* [WORK REQUIRED]:
What you should give back is every line from the one containing "窗口手术师 V1.0 简体中文绿色免费版" through the last line of the records below, word for word and without pictures.

========================================

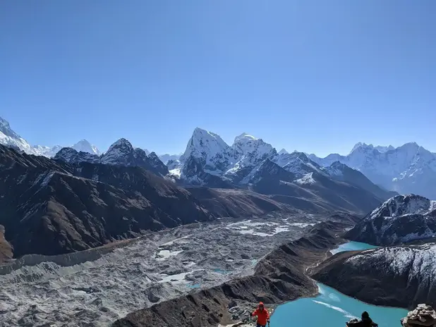 Una variante espectacular que añade color a la alta montaña. Caminarás junto a los lagos turquesas sagrados de Gokyo, subirás al mirador Gokyo Ri y cruzarás el desafiante paso Cho La para conectar con la ruta clásica al Campo Base.
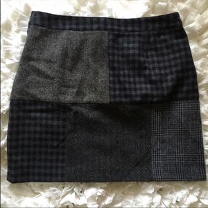 Brooks Brothers Wool Patch Print Skirt. Brand new with tags. Patch work is in and the new style! Perfect to wear this fall or winter with a long sleeve black top, some tights and flats or heels. Colors of navy blue, gray, black. Approx: 19” length.
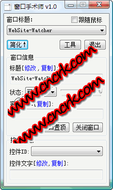 窗口手术师 V1.0 简体中文绿色免费版 窗口手术师是一款小巧的控制窗口的好工具.它不但可以轻松复制窗口的文字、标题,还能获取窗口内控件的文本.除了简单的查看功能,它还可以对窗口进行完全的修改——修改标题、改变透明度、改变窗口状态(隐藏、显示等等)、将窗口置顶、修改窗口内控件的文字……总之,在窗口手术师的刀下,你可以随心所欲地控制窗口
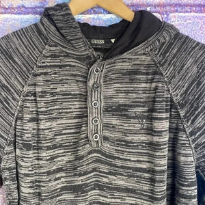 Guess Hoodie Women's Sweatshirt Medium Logo Button Up Pullover Gray
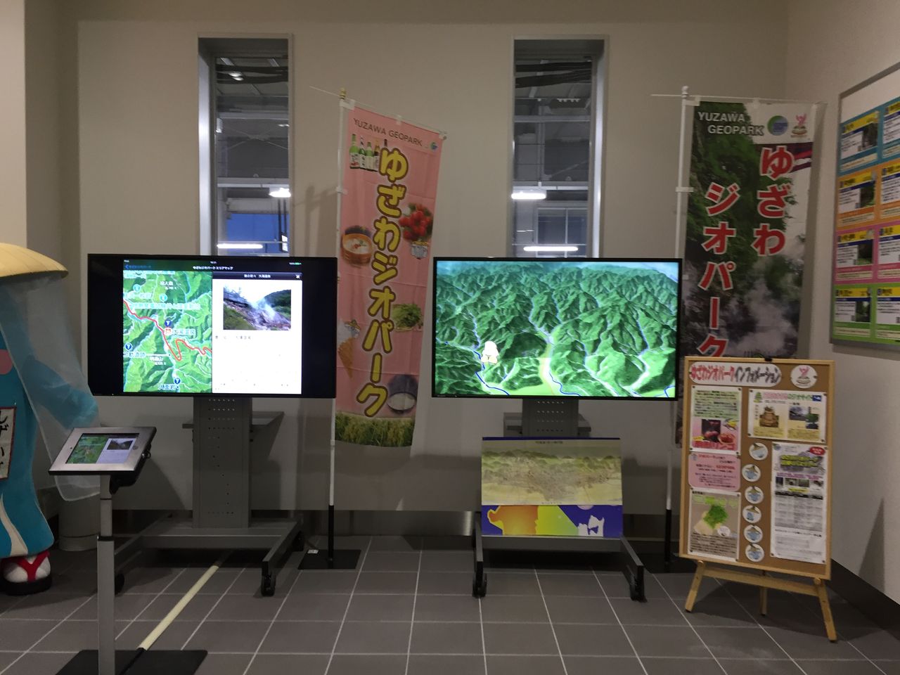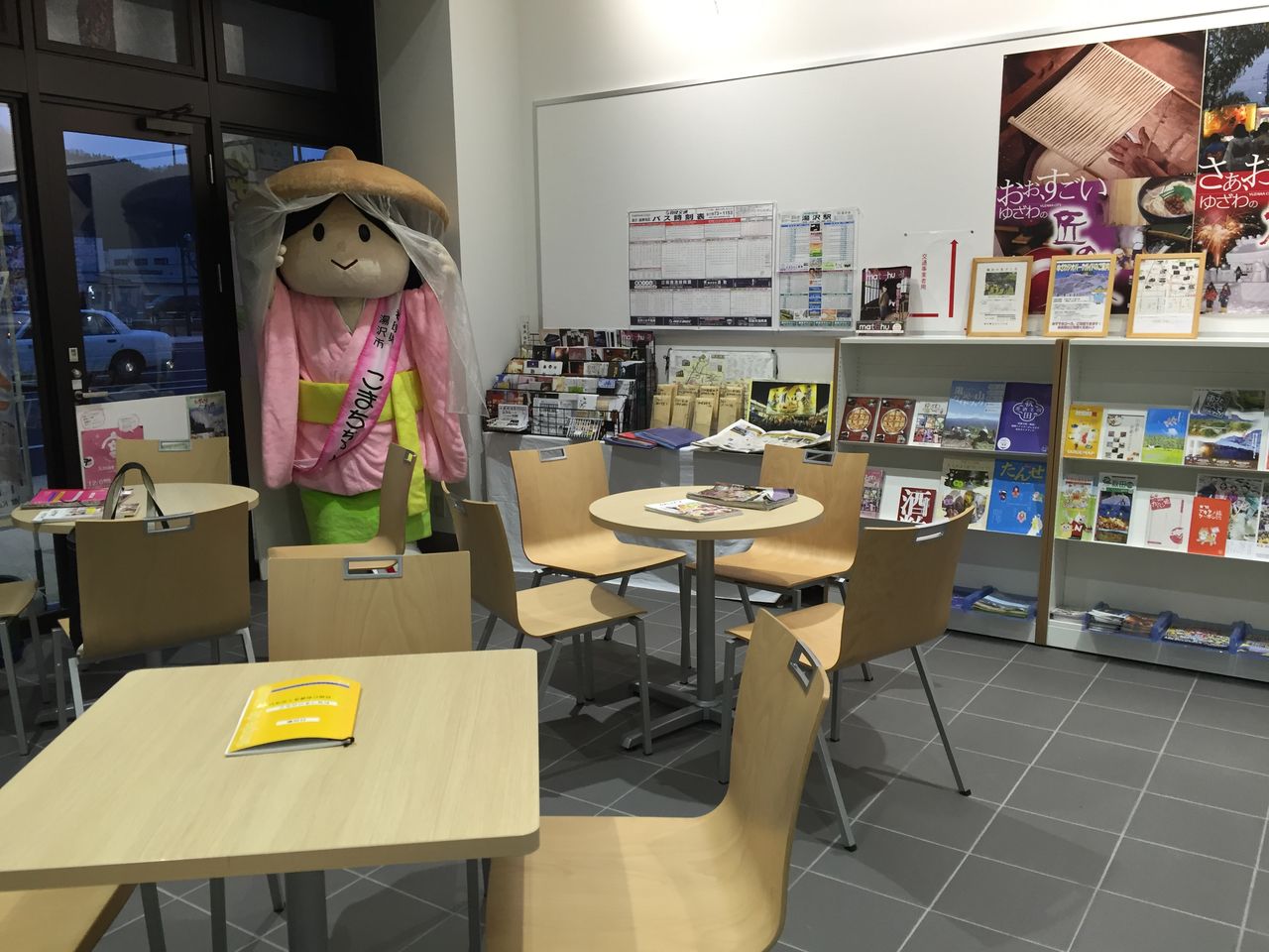 こちらの案内所は、ジオガイドのメンバーが日替わりで居ますので、湯沢や近隣の情報やジオパークのお話など、何でもご案内しています。

========================================

* [OUTPUT]:
 窗口手术师 V1.0 简体中文绿色免费版 窗口手术师是一款小巧的控制窗口的好工具.它不但可以轻松复制窗口的文字、标题,还能获取窗口内控件的文本.除了简单的查看功能,它还可以对窗口进行完全的修改——修改标题、改变透明度、改变窗口状态(隐藏、显示等等)、将窗口置顶、修改窗口内控件的文字……总之,在窗口手术师的刀下,你可以随心所欲地控制窗口
 Guess Hoodie Women's Sweatshirt Medium Logo Button Up Pullover Gray
 こちらの案内所は、ジオガイドのメンバーが日替わりで居ますので、湯沢や近隣の情報やジオパークのお話など、何でもご案内しています。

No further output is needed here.